Since the actual drug is the cause of the SSRI sexual side effects, it makes sense that you may just want to remove that piece! But please do not stop your antidepressant suddenly. That can cause dangerous withdrawal symptoms and relapse. Tapering SLOWLY is better and if you decide to do that, it’s a conversation to have with your prescriber. Link to article about antidepressants and why some work and some don't

Options may include lowering your daily dose, switching medications (ie from paroxetine to bupropion), or changing the timing of drug, which may or may not help. I don’t think it would have a huge impact, but it’s worth a try. Timing your medicine is critical to reducing unwanted side effects: Chronotherapy: Timing of These 7 Medication Matters Greatly! 

Some doctors also discuss short “drug holidays,” but this depends on the medication. It is not appropriate for every SSRI, and it should never be done casually. When you suddenly stop these drugs, your receptors have down-regulated, which makes sudden discontinuation dangerous. Benzodiazepines (like alprazolam and clonazepam) are not much different in terms of downregulating receptors, read Benzodiazepines: Dangers and Lies.

One Last Thing

Your mental health matters. Your sex life matters too.

These are not competing priorities. They are both part of being a whole, healthy human being.

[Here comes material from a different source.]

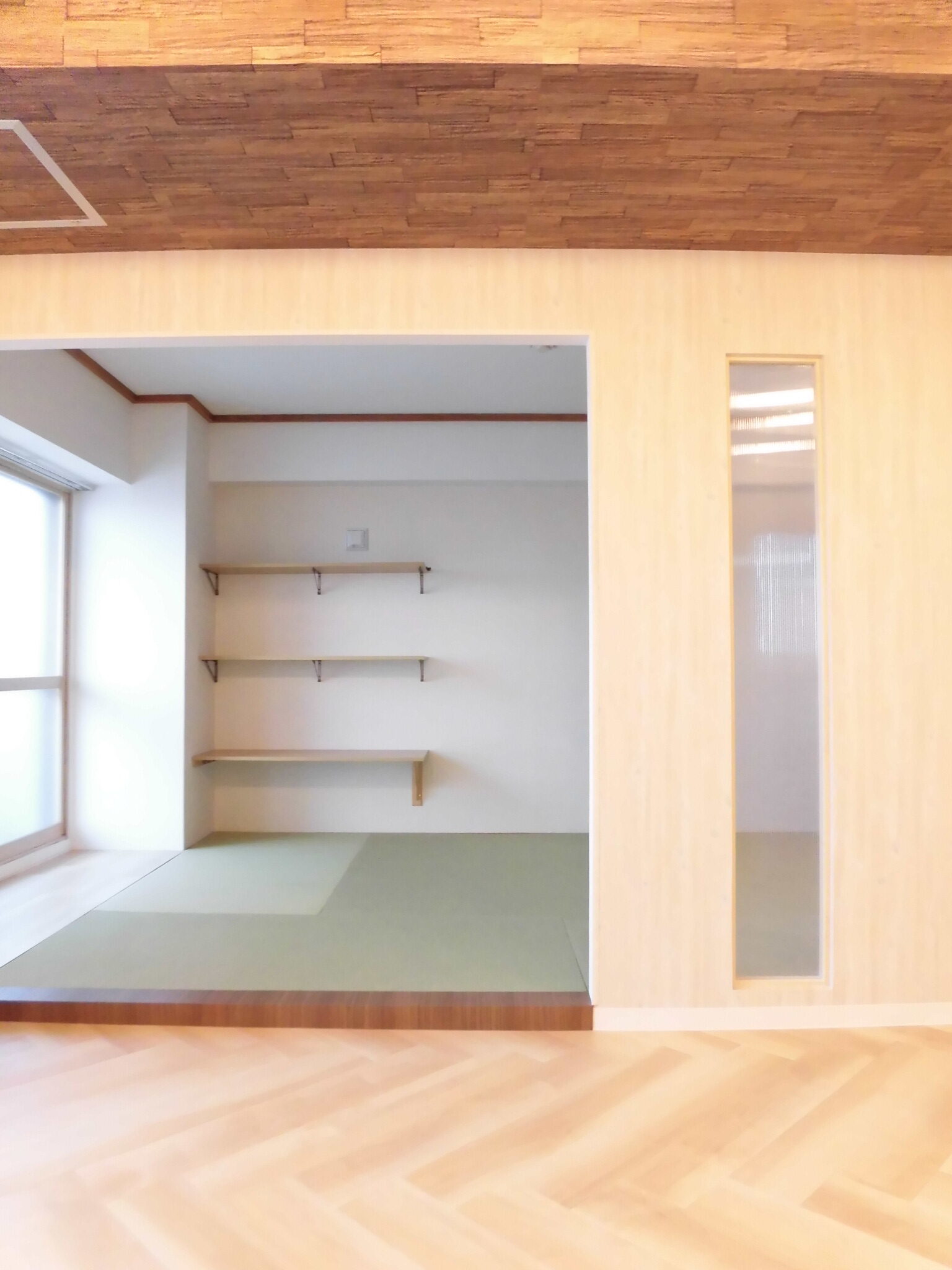 和の伝統とモダンなデザインが見事に融合され、新しい空間が生まれます。琉球畳と明るい壁紙の組み合わせは、日常生活に新たな活力とユニークな魅力を与えてくれることでしょう。是非、自分だけの個性的な空間を演出するために、この斬新なアイデアに挑戦してみてください。
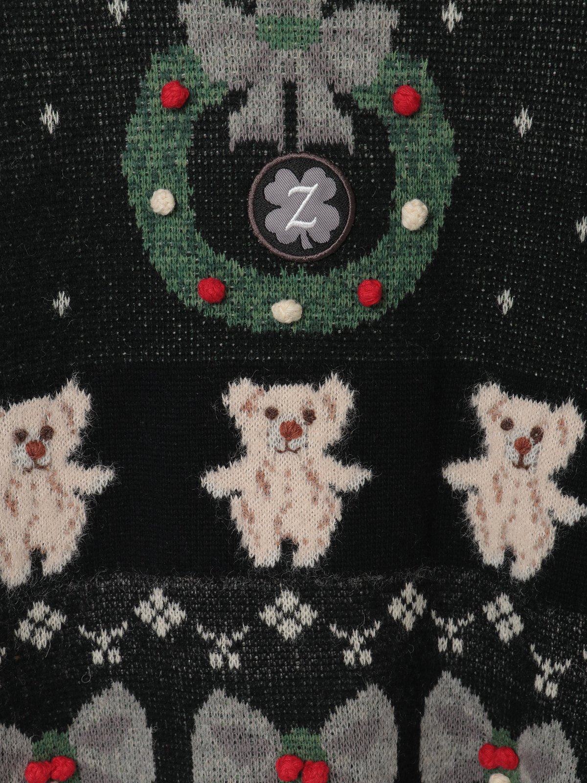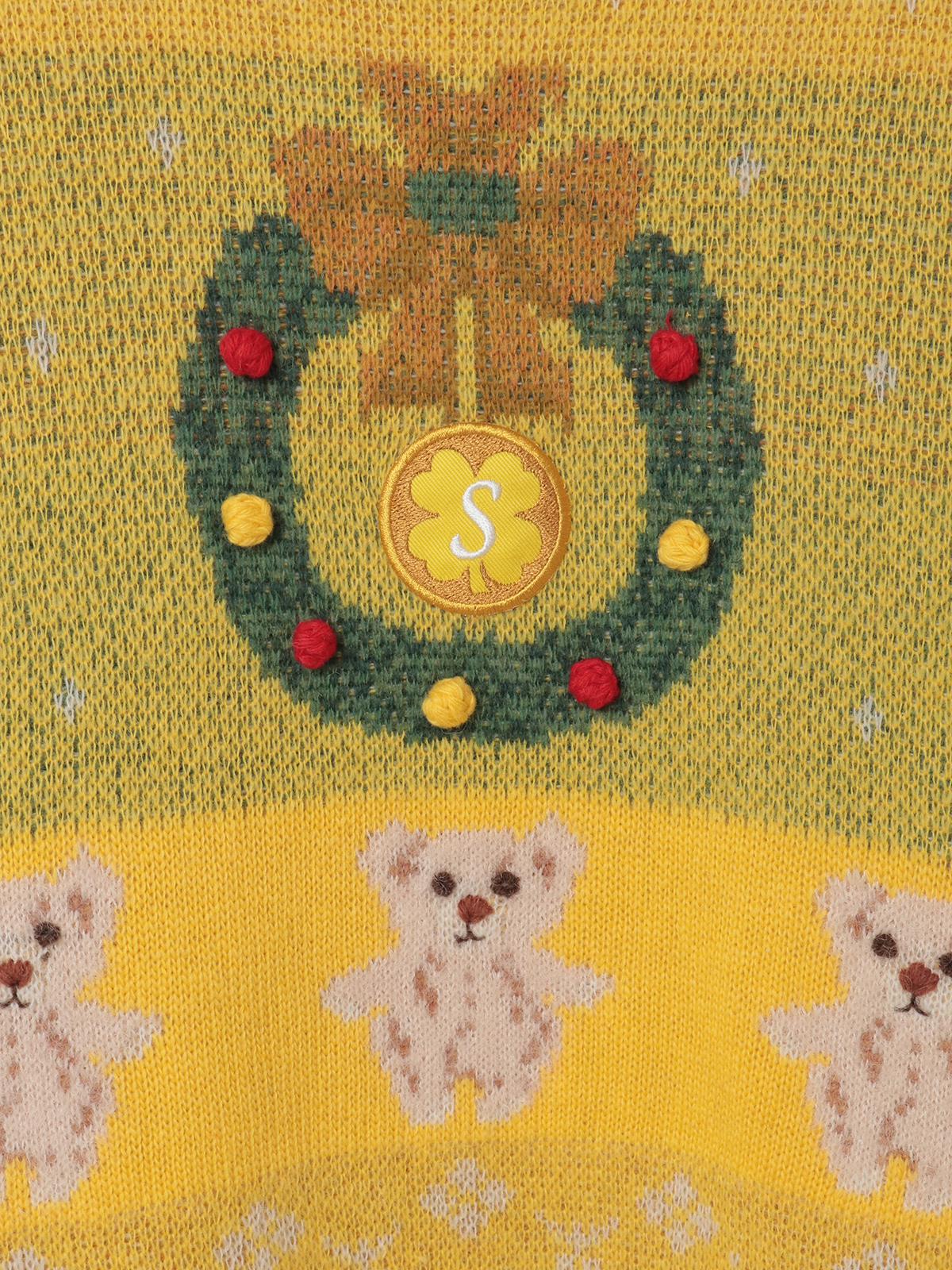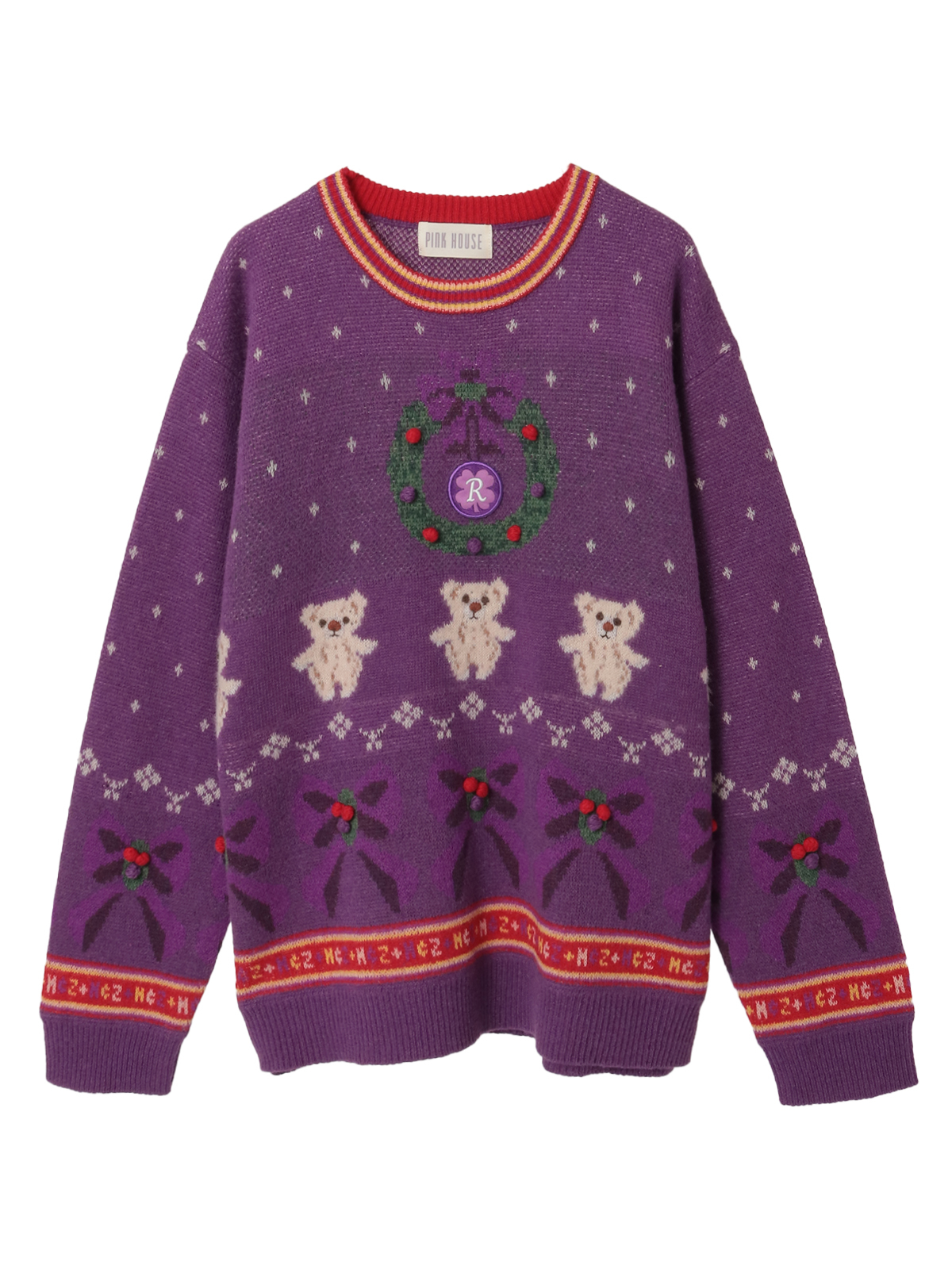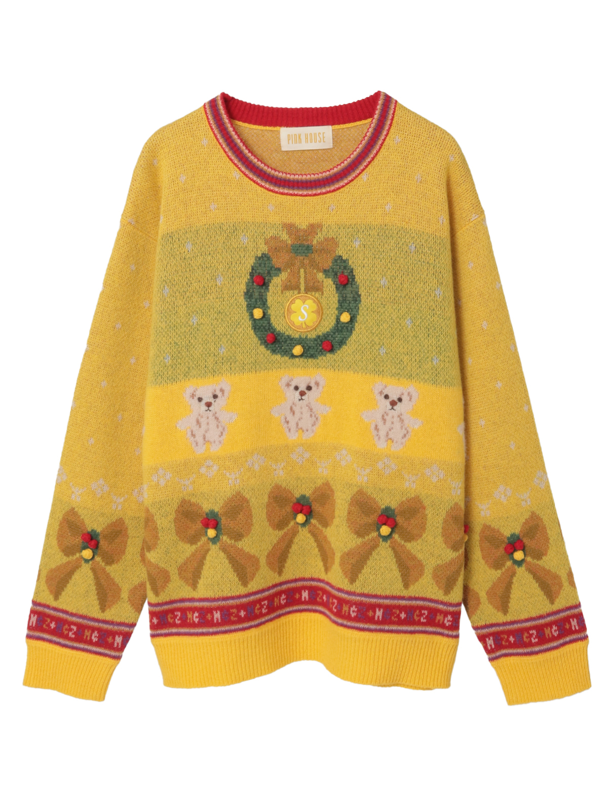 リースやリボンの飾りなど、これからのホリデーシーズンにピッタリなニット。

So if this side effect is happening to you, please say something. Not next year. Not after your relationship is strained. Not after you’ve convinced yourself this is just “how things are now.” There are options, and yes, your doctor has heard this before. Many times! They’ve heard it in medical Continuing Ed programs, from the drug reps promoting the meds, and from other patients.

You are allowed to want your mood back and your body back.